0
votes

I have 2 data frames

val df1 = Seq(("1","2","3"),("4","5","6")).toDF("A","B","C")
df1.show
+---+---+---+
|  A|  B|  C|
+---+---+---+
|  1|  2|  3|
|  1|  2|  3|
+---+---+---+

and

val df2 = Seq(("11","22","33"),("44","55","66")).toDF("D","E","F")
df2.show
+---+---+---+
|  D|  E|  F|
+---+---+---+
| 11| 22| 33|
| 44| 55| 66|
+---+---+---+

I need to combine the ones above to get

val df3 = Seq(("1","2","3","","",""),("4","5","6","","",""),("","","","11","22","33"),("","","","44","55","66"))
.toDF("A","B","C","D","E","F")
df3.show
+---+---+---+---+---+---+
|  A|  B|  C|  D|  E|  F|
+---+---+---+---+---+---+
|  1|  2|  3|   |   |   |
|  4|  5|  6|   |   |   |
|   |   |   | 11| 22| 33|
|   |   |   | 44| 55| 66|
+---+---+---+---+---+---+

Right now I'm creating the missing columns for all dataframes manually to get to a common structure and am then using a union. This code is specific to the dataframes and is not scalable

Looking for a solution that will work with x dataframes with y columns each

2

2 Answers

1
votes

You can manually create missing columns in the two data frames and then union them:

import org.apache.spark.sql.DataFrame

val allCols = df1.columns.toSet.union(df2.columns.toSet).toArray

val createMissingCols = (df: DataFrame, allCols: Array[String]) => allCols.foldLeft(df)(
  (_df, _col) => if (_df.columns.contains(_col)) _df else _df.withColumn(_col, lit(""))
).select(allCols.head, allCols.tail: _*)  
// select is needed to make sure the two data frames have the same order of columns

createMissingCols(df1, allCols).union(createMissingCols(df2, allCols)).show
+---+---+---+---+---+---+
|  E|  F|  A|  B|  C|  D|
+---+---+---+---+---+---+
|   |   |  1|  2|  3|   |
|   |   |  4|  5|  6|   |
| 22| 33|   |   |   | 11|
| 55| 66|   |   |   | 44|
+---+---+---+---+---+---+
1
votes

A much simpler way of doing this is creating a full outer join and setting the join expression/condition to false:

val df1 = Seq(("1","2","3"),("4","5","6")).toDF("A","B","C")
val df2 = Seq(("11","22","33"),("44","55","66")).toDF("D","E","F")

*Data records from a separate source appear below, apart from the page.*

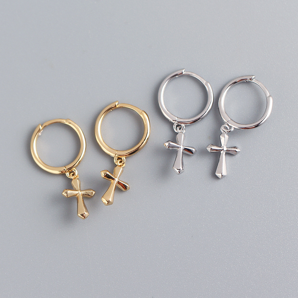 クロスボーダー独立ステーション S925 スターリングシルバー INS ミニマリスト ボディクロス 小さなイヤリング イヤーバックル イヤースタッド
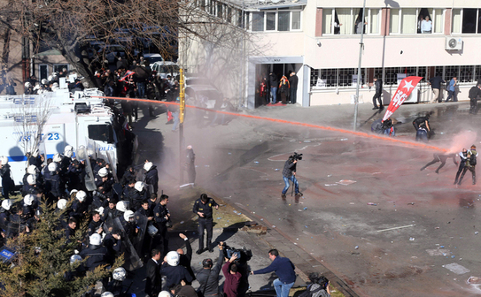 Face înconjurul lumii pe web fotografia unei jurnaliste TV, făcută în Ankara în timpul unei demonstraţii în faţa Parlamentului. Femeia este lovită în plin şi efectiv "măturată" de jetul unui tun de apă tras de poliţie, în timp ce raporta despre protest, relatează vineri, 14 februarie, presa turcă.
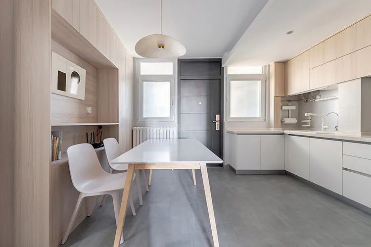 整个空间保留了宽敞的活动区域,无论流动动线,桌前坐人,还是在厨房频繁操作,都不影响受到丝毫阻碍。
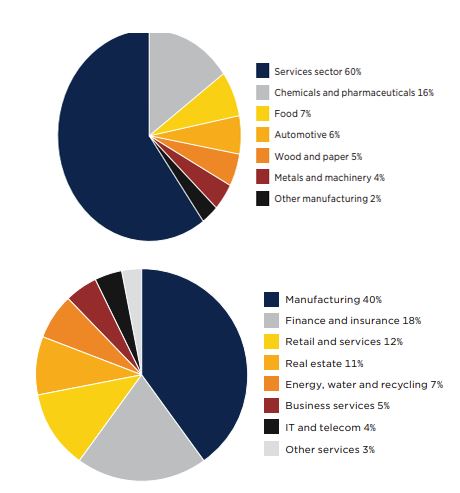 - بخش خدمات 60 درصد و صنایع تولیدی 40 درصد سرمایه گذاری مستقیم خارجی را در سال 2020 در سوئد به خود اختصاص داده است است.
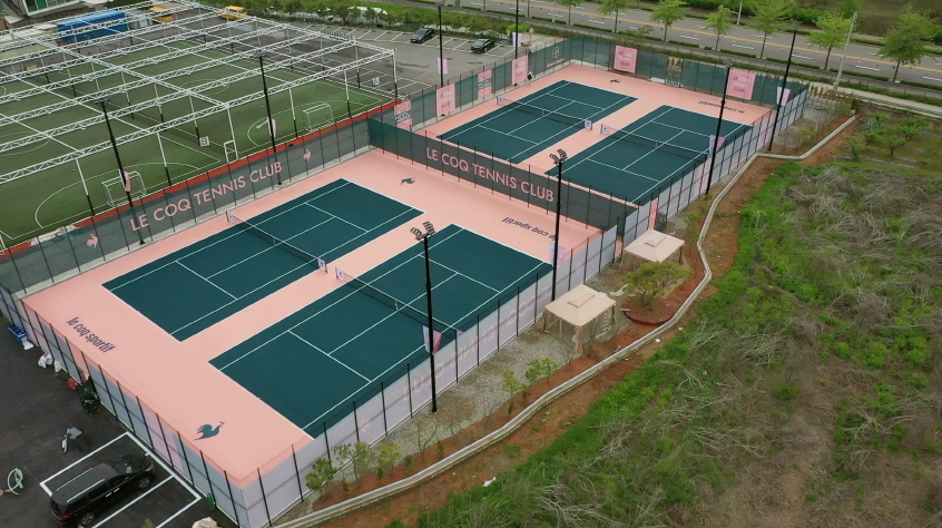‘르꼬끄 스포르티브’는 지난 5월 경기도 김포에 3,636㎡(1,100평) 규모의 브랜드 테니스장 ‘르꼬끄 테니스 클럽’을 업계 최초로 오픈했다. 4면 하드 코트와 편의시설이 조성됐으며, 코트는 ‘르꼬끄’의 아이코닉 심볼과 컬러로 브랜드 아이덴티티가 담겼다. 동호인들을 위한 일반 대관부터 레슨 및 각종 이벤트 공간으로 활용될 예정이다.
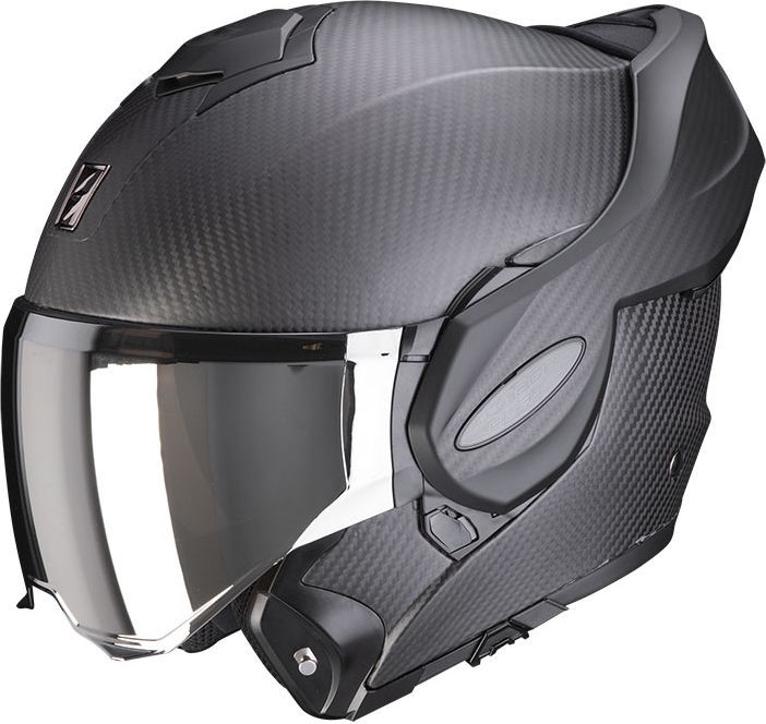 Scorpion’s flip-back masterpiece is coming back with carbon composite shell. EXO-TECH EVO Carbon is alight-weight-flip-back helmet with all easy operation and convenient features plus chin bar locker for bettersafety.Small, sleek, and real full face looking shell design is still the same but with elegance and premium woven carbon fiber surface adds an outstanding nobility. EXO-TECH EVO Carbon comes with an EXO-COM bracket that perfectly harmonizes the helmet and the EXO-COM designs.Carbon Fiber2 shell dimensions: XS-L, XL-XXL.ECE R22.06 P/JUltra TCT Carbon- Developed byScorpion EXOTM, revolutionary new pre-preg technology offers unrivaled protection.Extremely light, digressive integrity on impact absorbs more energy.ECE-P/J Locking SystemSpeedview- Retractable Sunvisor- treated with antifog on both sides.Pinlock Original 3DDark Smoke shield includedQuick Release/One Touch BuckleKwikwick 3- KwikWick® anti-microbial fabric keeps you cool and dry in warm weather, warm in cool weather Liner is easily removable and washable. The KwikWick® have 3D cheek pads.Kwikfit- KwikfitTM cheekpads allow use of most common styles of eye glasses.5 year warranty
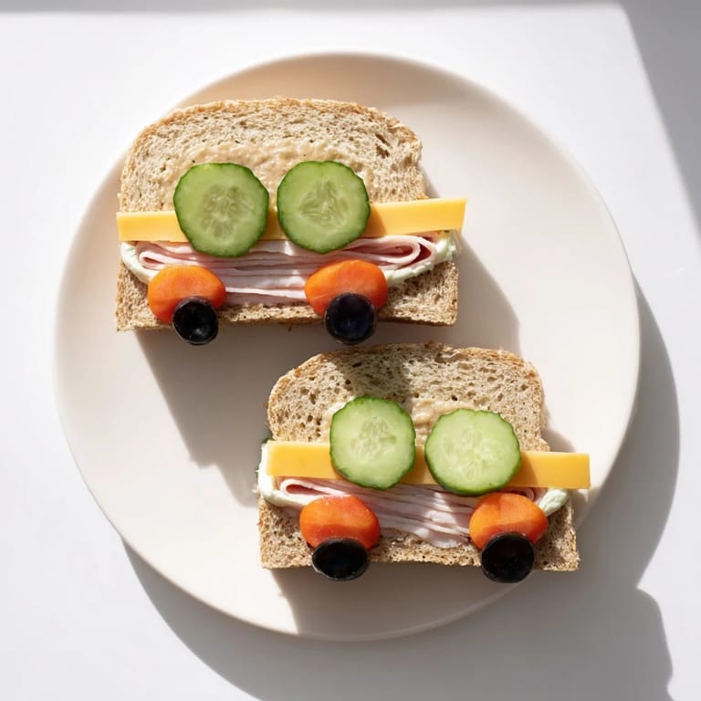 Save to Pinterest A fun, creative lunchbox meal designed to delight kids and adults alike, featuring sandwiches and snacks arranged in the shape of a car—perfect for on-the-go adventures.

val joined = df1.join(df2, lit(false), "full")

joined.show() 

+----+----+----+----+----+----+
|   A|   B|   C|   D|   E|   F|
+----+----+----+----+----+----+
|   1|   2|   3|null|null|null|
|   4|   5|   6|null|null|null|
|null|null|null|  11|  22|  33|
|null|null|null|  44|  55|  66|
+----+----+----+----+----+----+

if you then want to actually set the null values to empty string you can just add:

val withEmptyString = joined.na.fill("")

withEmptyString.show() 

+---+---+---+---+---+---+
|  A|  B|  C|  D|  E|  F|
+---+---+---+---+---+---+
|  1|  2|  3|   |   |   |
|  4|  5|  6|   |   |   |
|   |   |   | 11| 22| 33|
|   |   |   | 44| 55| 66|
+---+---+---+---+---+---+

so in summary df1.join(df2, lit(false), "full").na.fill("") should do the trick.